Authors Barbari GR, Dorkoosh F, Amini M, Bahari Javan N, Sharifzadeh M, Atyabi F, Balalaie S, Rafiee Tehrani N, Rafiee Tehrani M

Received 1 January 2018

Accepted for publication 16 May 2018

Published 6 September 2018 Volume 2018:13 Pages 5127—5138

DOI https://doi.org/10.2147/IJN.S161240

Checked for plagiarism Yes

Review by Single-blind

Peer reviewers approved by Dr Alexander Kharlamov

Peer reviewer comments 3

Editor who approved publication: Dr Thomas J Webster


Ghullam Reza Barbari,1 Farid Dorkoosh,1 Mohsen Amini,2 Nika Bahari Javan,1 Mohammad Sharifzadeh,3 Fateme Atyabi,1 Saeed Balalaie,4 Niyousha Rafiee Tehrani,5 Morteza Rafiee Tehrani1

1Department of Pharmaceutics, School of Pharmacy, Tehran University of Medical Sciences, Tehran, Iran; 2Department of Medicinal Chemistry, School of Pharmacy, Tehran University of Medical Sciences, Tehran, Iran; 3Department of Pharmacology, School of Pharmacy, Tehran University of Medical Sciences, Tehran, Iran; 4Department of Chemistry, Khajeh Nasir Toosi University, Tehran, Iran; 5School of Medicine, Tehran University of Medical Sciences, Tehran, Iran

Background: Despite years of experience and rigorous research, injectable insulin is the sole trusted treatment method to control the blood glucose level in diabetes type 1 patients, but injection of insulin is painful and poses a lot of stress to the patients, especially children, therefore, development of a non-injectable formulation of insulin is a major breakthrough in the history of medicine and pharmaceutical sciences.
Methods: In this study, a novel peptide grafted derivative of chitosan (CPP-g- chitosan) is synthesized and its potential for oral delivery of proteins and peptides is evaluated.

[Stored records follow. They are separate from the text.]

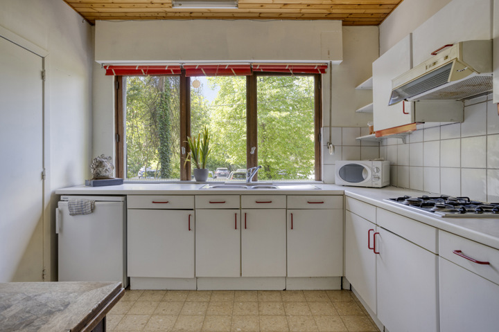 *** ONDER COMPROMIS BINNEN 7 DAGEN *** Grondig te renoveren villa op een bosrijk perceel van +- 26a. De woning is zeer strategisch gelegen en bevindt zich in dichte nabijheid van scholen, openbaar vervoer, belangrijke verbindingswegen en diverse warenhuizen/winkels. Toch is ze gelegen in een zeer rustig straatje met zeer weinig voorbijgaand verkeer. De indeling is als volgt: op het gelijkvloers: een ruime inkomhal, een leefruimte, een keuken + bijkeuken, een afzonderlijk toilet, een 2e keuken en een 2e leefruimte met douchekamer en wasplaats (dit was vroeger de garage en kan eenvoudig terug omgevormd worden tot garage of dienen als praktijkruimte. De nachthal geeft op de eerste verdieping toegang tot 4 slaapkamers en de badkamer. De 5e slaapkamer is bereikbaar via een andere slaapkamer of via de trap in de 2e leefruimte. De zolderverdieping is toegankelijk via een vlizotrap. Extra troeven: De woning is omgeven door groen en prachtige bomen | Diverse uitbreidingsmogelijkheden aanwezig | Tonnen aan potentieel | Zeer ruime oppervlakten | Ideaal voor zelfstandigen, vrije beroepen, grote gezinnen, .... | Wenst u meer informatie of een bezoek? Aarzel niet en mail ons naar Laurens@immoaccenta.be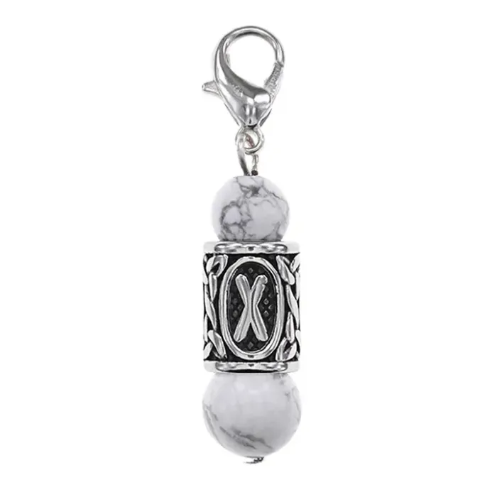 Брелок-амулет с руной Гебо из нержавеющей стали и натурального камня кахолонг.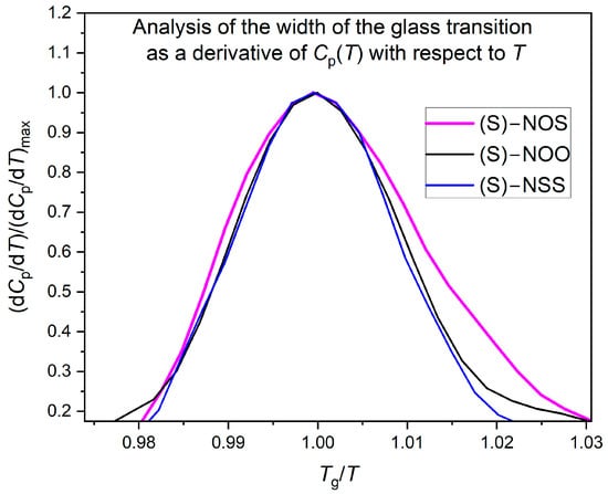 It is worth noting that the assessment of the width of the glass transition does not depend on the method of determining the T g o n s e t and T g e n d values. Analyzing the graph of the derivative of specific heat vs. the scaled temperature Tg/T (see Figure 7), it is visible that the width of the bell curve for the physically stable compound (S)-NOS is larger than those for the crystallizing substances (S)-NOO and (S)-NSS.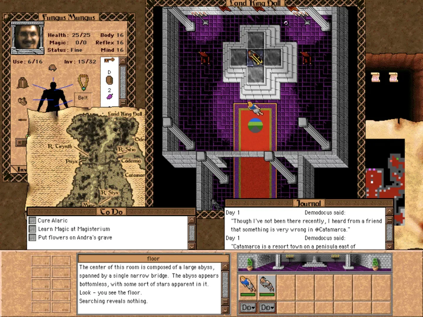 Cythera is an RPG that could be described as the Ultima of the Macintosh, as it focuses on immersion and interactivity, just like the DOS classic Ultima VII. It features single-character world exploration, a high degree of interactivity with objects in the environment, a hunger system, and keyword-based dialogues.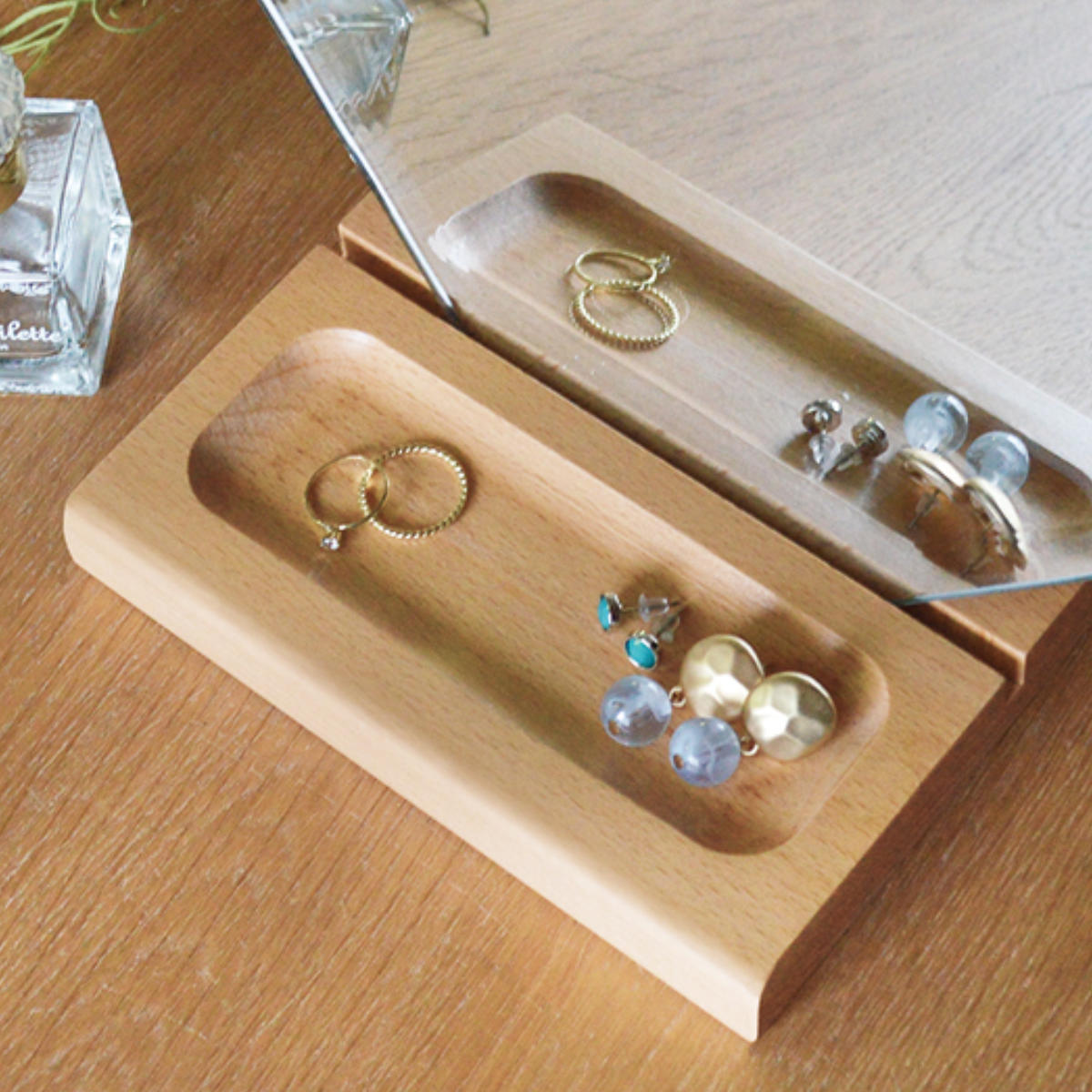 ●天然木を使用したトレー状の台座は、ピアスや指輪などの小物を置くのに便利です。

Drug-loaded nanoparticles were developed from this derivative using ionic gelation method with application of sodium tripolyphosphate (TPP) as a cross-linking agent. Human insulin was used as the model protein drug and release kinetic was studied at gastrointestinal pH. Finally the developed nanoparticles were filled into very tiny enteric protective capsules and its effects on blood glucose level are evaluated in laboratory animals.
Results: Presence of the positively charged cell-penetrating peptide moiety in the structure of chitosan polymer had slight inhibitory effects on the release of insulin from the nanoparticles in simulated gastric fluid (pH 1.2) comparing to native chitosan. The nanoparticles were positively charged in gastrointestinal pH with size ranging from 180 nm to 326 nm. The polypeptide grafted to chitosan is a novel analog of Penetratin, presenting both the hydrophilic and hydrophobic characteristics altering the release behavior of the nanoparticles and significantly increase the absorption of insulin into the rat epithelium comparing to nanoparticles from simple chitosan. In-vivo results in diabetic rat proved that this nanoparticulate system can significantly lower the blood glucose levels in diabetic rats and remain effective for a duration of 9–11 hours.
Conclusion: The results indicate that nanoparticles developed from this new peptide conjugated derivative of chitosan are very promising for oral delivery of proteins and peptides.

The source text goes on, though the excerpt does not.